A recent report shows that Owner and DeFi helped keep ETH from falling below $ 1,700
The Total Locked Out Value (TVL) on DeFi Smart Contracts is down 35% from its peak.
But the drop in prices hasn’t shaken long-time Ether owners, while the DeFi sector is also a good opportunity for investors.
One report A recent report from Glassnode shows that many long-time ETH holders (> 155 days) are making the most of their profits even though the price of its established ATH has fallen 55% from its established ATH of $ 4,300. They are still consistently profitable, holding paper profits that are around 80% of market capitalization.
Meanwhile, the short-term ETH holders (<155 days) are now seeing their profits dwindling as the index of net unrealized gains and losses enters the break-even zone. That is, the investor who recently bought ETH made a profit on paper, but it has now turned into a loss.

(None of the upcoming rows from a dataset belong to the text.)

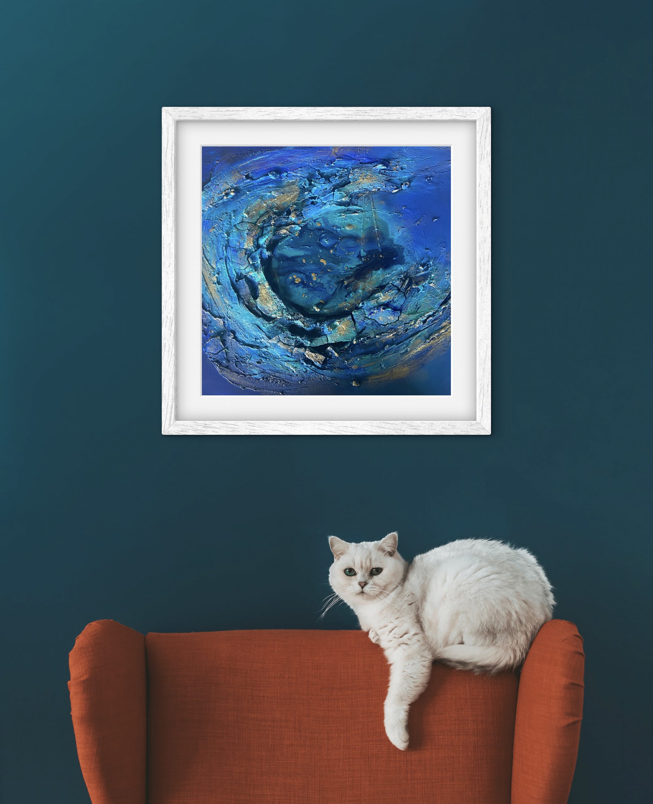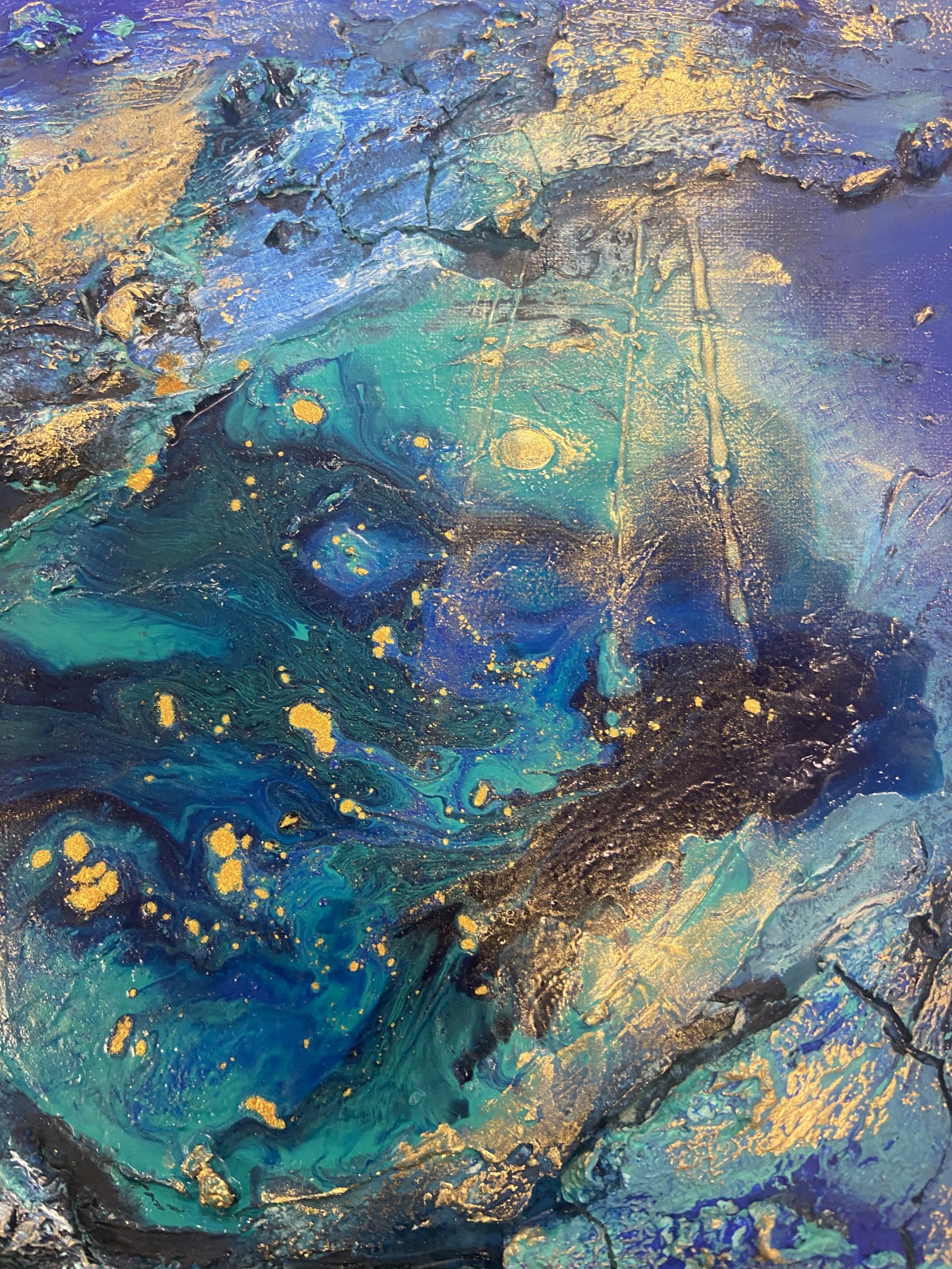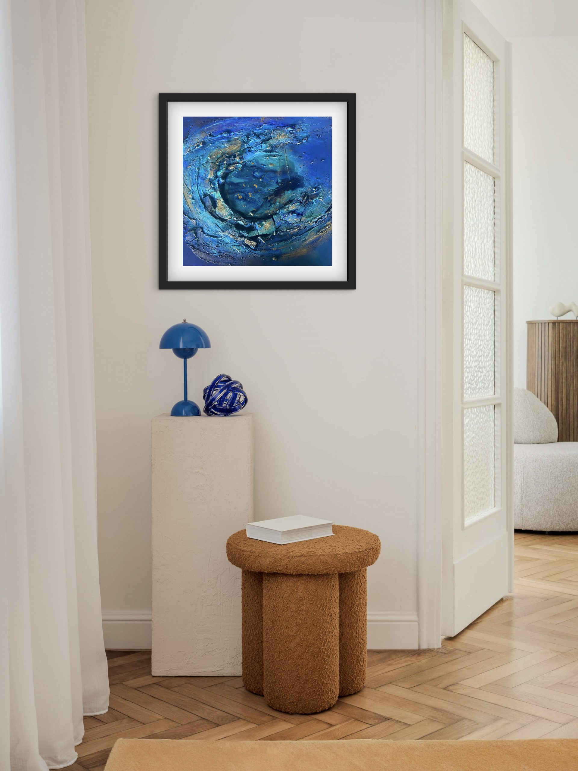 Les nuances de bleu, sublimées par des éclats dorés, rappellent les mystères de l’océan autant que ceux de l’univers. Chaque relief, chaque texture raconte une énergie en mouvement, une transformation en cours, une invitation à se laisser porter par le souffle de l’instant présent.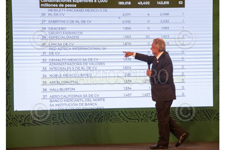 Andrés Manuel López Obrador muestra una tabla con las aproximaciones de crecimiento económico durante la conferencia matutina en Palacio Nacional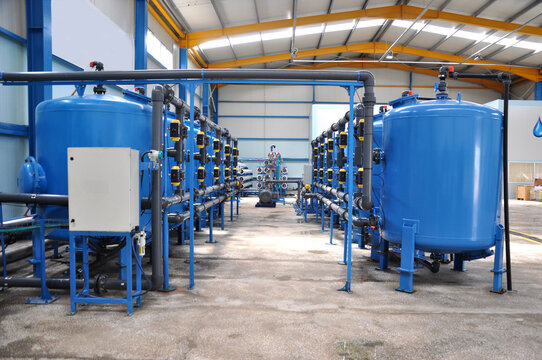 Stainless vertical steel tanks and pipes with pressure meter in equipment tank chemical cellar at the with stainless steel tanks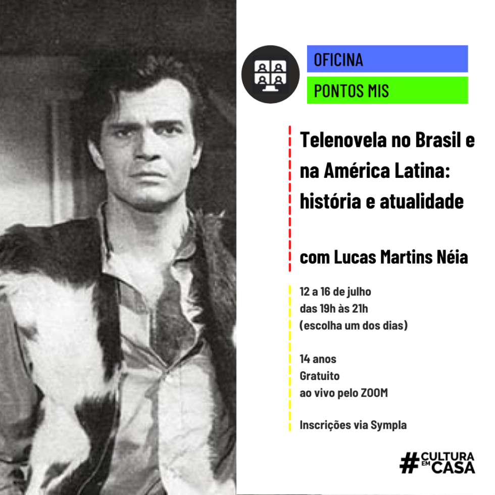 A Secretaria Municipal de Cultura e o Museu da Imagem e do Som (MIS), por meio do projeto Pontos MIS, abrem as inscrições para a oficina, “Telenovela no Brasil e na América Latina: história e atualidade com Lucas Martins Néia”. As inscrições estarão abertas até dia da oficina, e podem ser realizas através dos links disponibilizados. O evento será totalmente gratuito e online.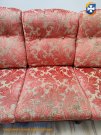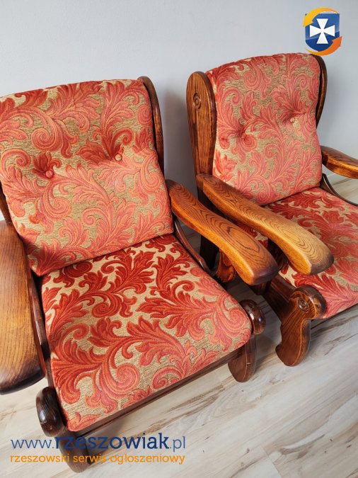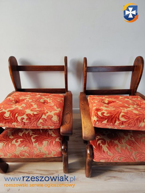 Drewniana konstrukcja, obicie beżowo czerwone. Na jednym siedzisku uszkodzony materiał.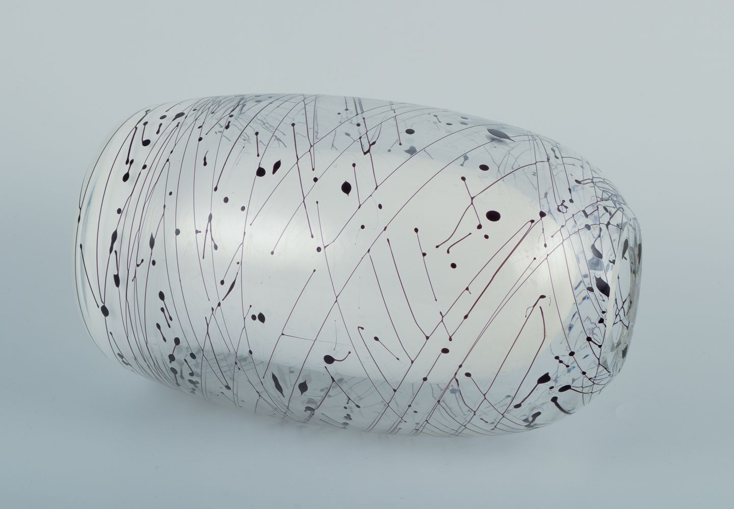 Unika kunstglasvase. Hvidt glas indvendigt.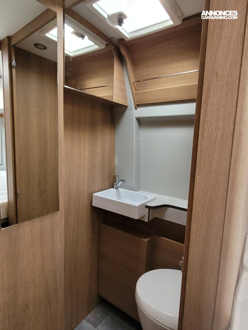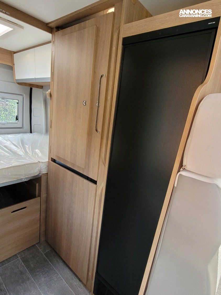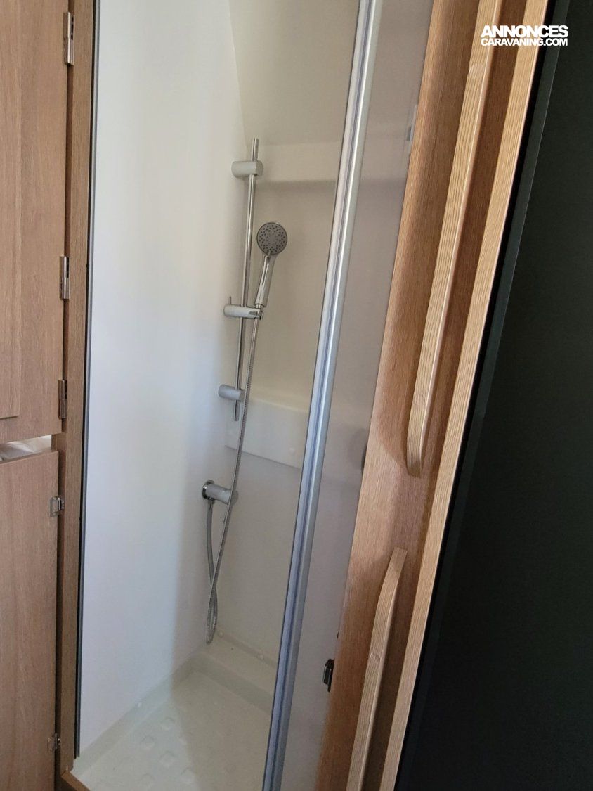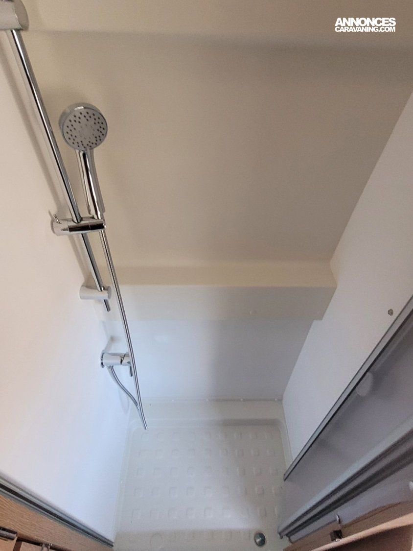Rare dans un fourgon : Vaste cabinet de toilette avec douche séparée. Implantation exclusive du groupe RAPIDO : MODUL’SPACE®, qui permet de disposer d’une douche complètement indépendante avec porte rigide grâce à un ingénieux système breveté. Vous bénéficierez d’un grand cabinet de toilette central avec un espace WC et douche complètement séparé entre eux et fermé par rapport à la partie jour de l’habitacle.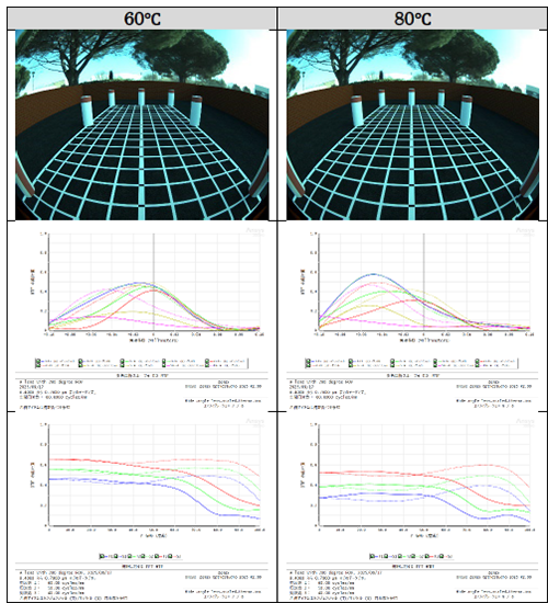 低温(-40℃、-20℃、0℃)、常温(20℃)、高温(40℃、60℃、80℃)の計7種類の温度環境における、Speosを用いた見栄えシミュレーション結果、およびOpticStudioによるスルーフォーカスMTFならびに視野に対するMTFの解析結果を表2に示します。スルーフォーカスMTFは空間周波数60lp/mm、視野に対するMTFは60lp/mm(青線)、50lp/mm(緑線)、40lp/mm(赤線)の3条件でプロットしています。20℃環境下で軸上画角にピントを合わせたモデルを基準に比較したところ、温度によってスルーフォーカスのピーク位置が前後に移動しており、視野全体においてもMTFの変動が顕著に見られました。
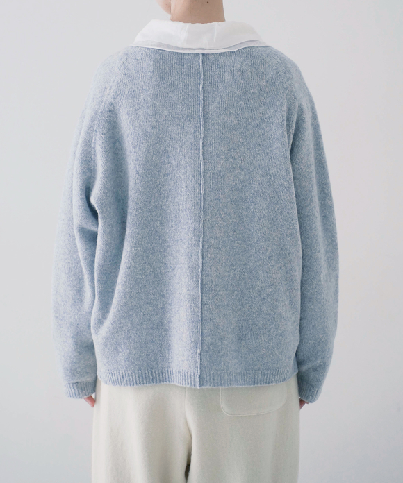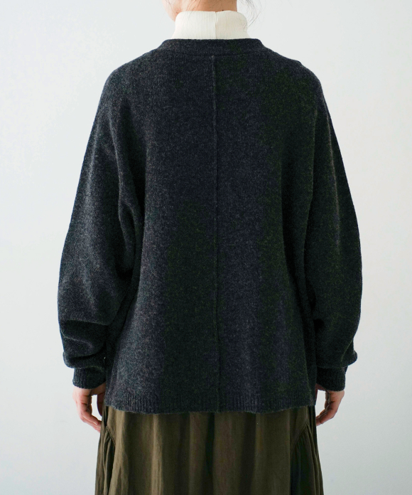 The V-neck design goes well with layering with blouses that have an accent collar, and the knitted accent at the center of the back adds a subtle touch.
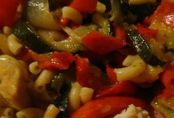 Puis mettre de côté le poulet. Ajoutez dans la même poêle les 4 courgettes coupées en petites rondelles et 2 poivrons rouges émincés.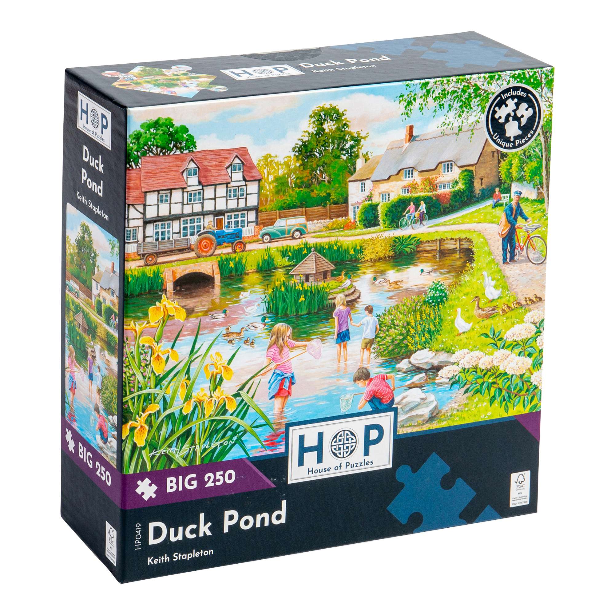 Hugely entertaining and enormously fun, our Big 250 piece jigsaw puzzles will tempt the whole family to get stuck in! The Duck Pond jigsaw puzzle features charming illustrations by amazing artist and has extra-large puzzle pieces for easier assembly, enabling all ages to join in! All of our Big 250 piece puzzles are sustainably made from premium quality FSC® Certified board. Completed puzzle dimensions: 34 x 48cm.
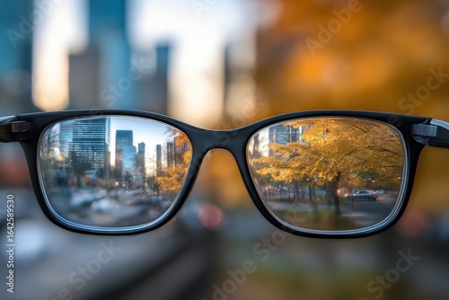 Closeup of Eyeglasses Reflecting Urban Buildings and Autumnal Trees Scenery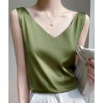 キャミソール レディース デコルテ綺麗見せ。バックキャミ風Vネックトップス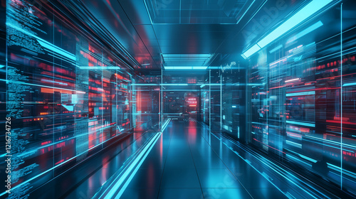 Futuristic Office Space with Transparent Walls, Advanced Technology, and Holographic Displays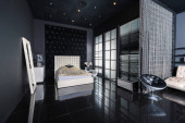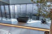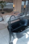 nowoczesne minimalistyczne wnętrze pokoju w stylu japońskim w kolorze beżowym i czarnym. stylowo odczepiona łazienka przy ogromnym oknie panoramicznym z żaluzjami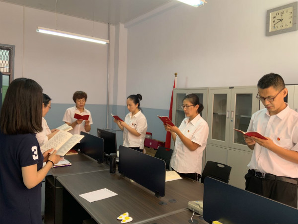 在主题党日活动中,全体党员按照“6+”模式依次开展活动,大家在支部宣传委员董萍的带领下集体重温了入党誓词,集体诵读了党章中党员义务和权利的章节内容,现场缴纳本月党费,集体学习了近平总书记三篇光辉文献和视察山西的重要讲话精神,共同观看了红色影片《建党伟业》。大家还就在运城市博物馆条山风云展厅的参观学习进行了交流发言。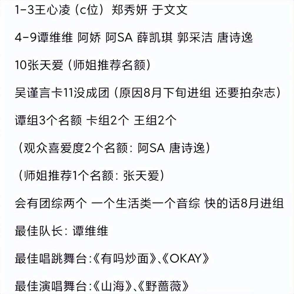 最终团队名额为9+1,多出来的一个名额为“师姐推荐名额”,由张天爱获得。前九名依次为王心凌、郑秀妍、于文文、谭维维、钟欣潼、蔡卓妍、薛凯琪、郭采洁和唐诗逸,加上张天爱,共计10人成团。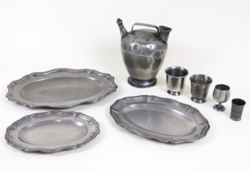 Ensemble en étain comprenant : – un plat oblong à bords contournés XVIIIe siècle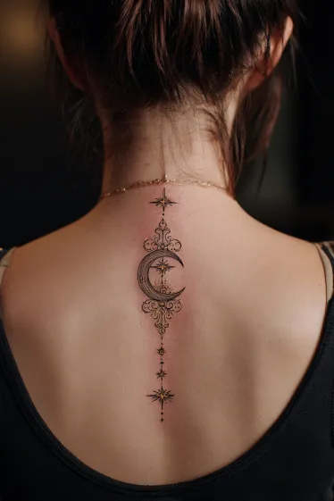 This tattoo showcases a delicate crescent moon set at the center of the spine, framed by ornate filigree details that give it a timeless and elegant look. The fine linework creates a lace-like effect, while small star accents cascade up and down the spine, tying the whole piece together in a graceful vertical flow. The design feels balanced, minimal, yet still full of celestial charm.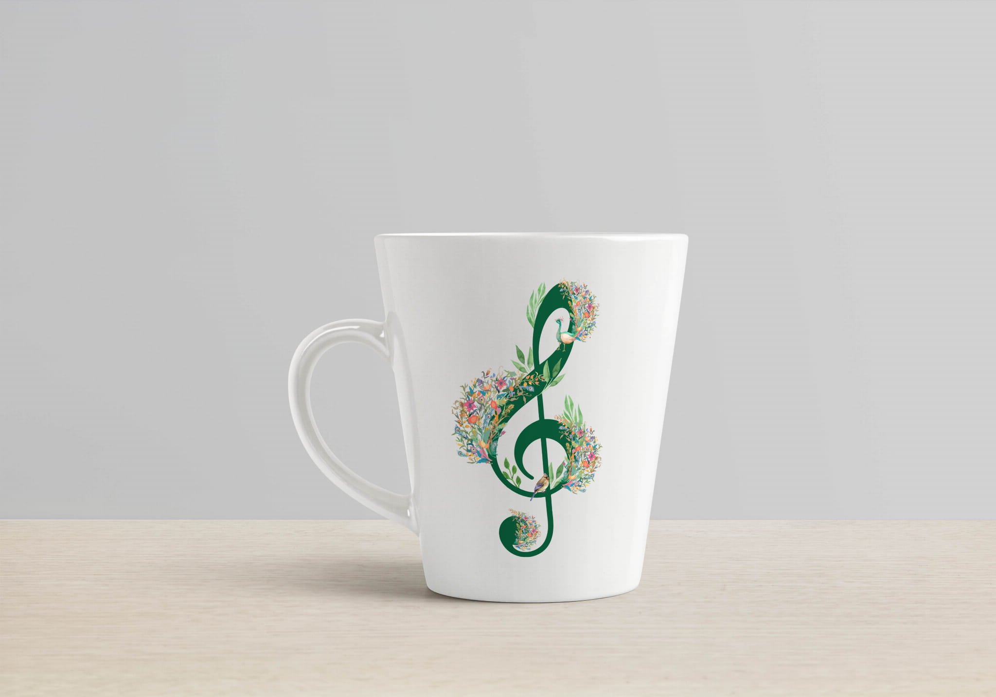 Klucz wiolinowy - Ptak - Kubek latte

After hitting nearly 46% of market cap with unrealized gains, short term owners are now seeing an overall loss of -25% of market cap.
Glassnode adds that losers have a higher chance of liquidation while the STH-NUPL indicator (unrealized net profit of short-term holders) has fallen below zero.
Net Unrealized Profit / Loss (NUPL) looks at the difference between unrealized profit and unrealized loss to determine whether the entire network is currently in a profit or loss state.
Short term ether holder NUPL falls below 0 | Source: Glassnode
Glassnode further noted that “LTH-NUPL is an indicator of the net unrealized gains on Ether that were unchanged during price corrections.” Thus, according to the data analyst, a flat LTH-NUPL shows holders’ intention to take downside risks in the Ether market to accept.
NUPL of long-term ether holders is close to 1 | Source: Glassnode
Can DeFi limit the drop in price of Ether?
LTH-NUPL indices above 1 were last seen during the 2017 and 2018 bull run, which saw the price of ether jump 20.217%. However, the big move up followed with an equally strong sell-off – Ether wiped out nearly 95% of that gain.
The ongoing decline shows long-term owners panicked and sold their ether holdings after their paper profits disappeared.
But that was a time when there was no DeFi like now.
“Unlike previous investments, many of these long-term owners can now put their assets into DeFi. Ether is widely deposited in loan protocols like Aave and Compound, where it currently has over $ 4 billion in deposits. “
Unpaid deposits and loans in Aave and Compound starting Wednesday (June 23) | Source: Dune Analytics
Long-term holders can borrow stablecoins by holding their ether as collateral for the Aave and Compound protocols. As a result, this strategy enables depositors to achieve an attractive return on risk or price speculation.
“These holders can amass governance tokens, increase their stablecoin balances, or buy dips while maintaining the commitment they have in ether as long-term lenders. Deposits and loans at Aave and Compound remain strong. “
With over $ 100 billion lying on DeFi platforms and ETH holders unwilling to liquidate their assets, it is likely that the market will avoid a sharp correction like 2018 for the time being.